Can someone please explain to me why in every show or movie that shows us a glimpse at an alternate universe or world with slight variations on our own, the "other" is always more technologically advanced and seemingly a happier, better place to be? I posed this question to my Twitter followers while watching the "Over There" season finale of
Fringe earlier today (Disclaimer: as of press time I have still only finished just the first two seasons), and while it was kind of rhetorical, it certainly seemed to span an interesting debate. Instantly, my @reply feed was flooded with thoughts and opinions, some on the nature of television's story telling, and some on the nature of the science involved. Now, in any case, I love to, for once, see an alternate world that is darker and dustier and more archaic than our own (and post-apocalyptic ones will not suffice here). After all, I like my television to come with a side of hope. And when do we have more hope than when we see our world side by side with what could have been just to realize we actually did something right?

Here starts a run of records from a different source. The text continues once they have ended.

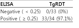 Table 1.Comparison of ELISA positive and negative group to TgRDT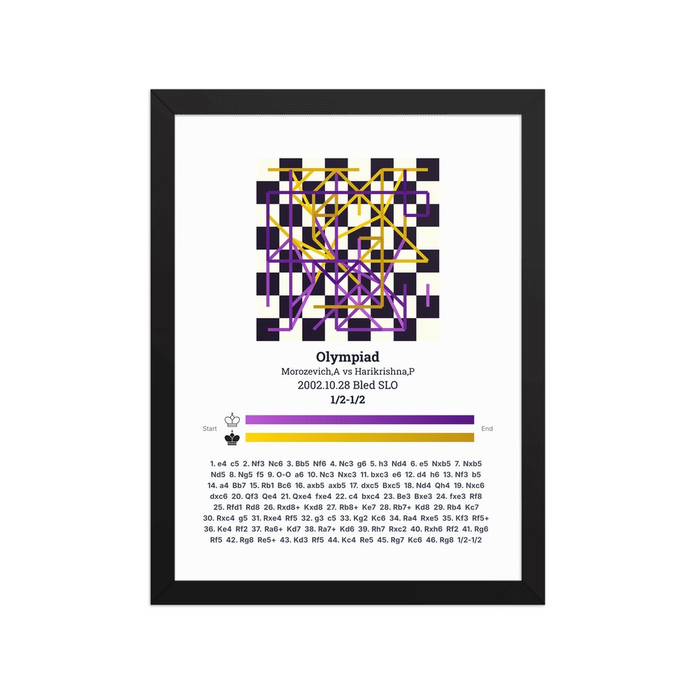 Museum-quality poster on thick, durable matte paper. A sharp, clean look for any chess visualisation.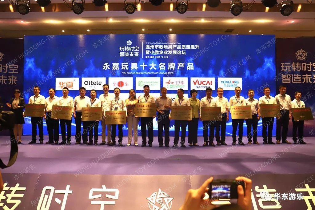 首届“永嘉玩具十大名牌产品”评选结果也在论坛上正式揭晓。奇特乐集团有限公司、育才控股集团有限公司、凯奇集团有限公司、永浪集团有限公司、浙江巧巧教育科技有限公司、立本集团有限公司、华夏游乐有限公司、333体育游乐设备有限公司制造的无动力类小型游乐设施产品以及贝旺玩具有限公司、浙江潜力玩具有限公司制造的塑胶玩具产品被评为“永嘉玩具十大名牌产品”。

Of course, in shows like Supernatural alternate universes like the dream state in "What Is And What Should Never Be" are not realities at all, and that in itself can be seen as not as "good" as the world in which the characters inhabit-- even when those worlds include demons and ghost ships and killer monster trucks (yes, really). But in the case of Fringe? I just don't get why anyone wouldn't want to stay "Over There." Especially Peter (Joshua Jackson) who was essentially stripped of his entire family by the move. You can't just walk into somebody else's life and steal a kid. That is the literal definition of kidnapping!

But besides that, step outside the personal attachment for Peter for a second and look around. It looks like a damn successful place to be. Martin Luther King made it onto the currency! The Statue of Liberty is so new it hasn't even tarnished yet! The World Trade Center is still standing! Obama is still in the White House! Sure, big brother is able to keep tabs on every citizen by using their "show mes" (aka IDs) as GPS devices, but that's a small price to pay, and honestly I'm not sure we're not on our way to that right now. California just issued new, slightly suspicious, drivers licenses, after all. And that kind of technology just lends itself perfectly to better BluTooths, iPads, and I'm sure Wi-Fi. Hell, I bet their damn cars even hover!

I know that there are consequences and reactions for every piece of particular or matter that switches sides, so to speak. So by Peter going to the alternate world, theoretically someone or something of equal mass should have ended up in the other world. And that is kind of a shame because it will tear a part someone else's family. But thinking strictly selfishly, strictly about creating the best life for one's self (and honestly, that is what we are put on this Earth to do), Peter has everything in the alt-universe and nothing in the other.

Don't say he has Olivia (Anna Torv) in the other. Because he really doesn't. Not just because Faux-livia infiltrated but because Peter and Olivia were never really a "thing" there.

I have managed to stay spoiler free for season three, which I hope to dive into soon so that I can be all caught up when season four starts on FOX in the fall. I plan to watch that season live and write about it from here on out because I really am deeply invested in this story now, after only four days (and forty-some-odd episodes) of spending time with them. I just hope that in season three we see more of the alt-universe-- much more. Because I have taken to calling it "my world" now. Or at least the world in which I really want to live.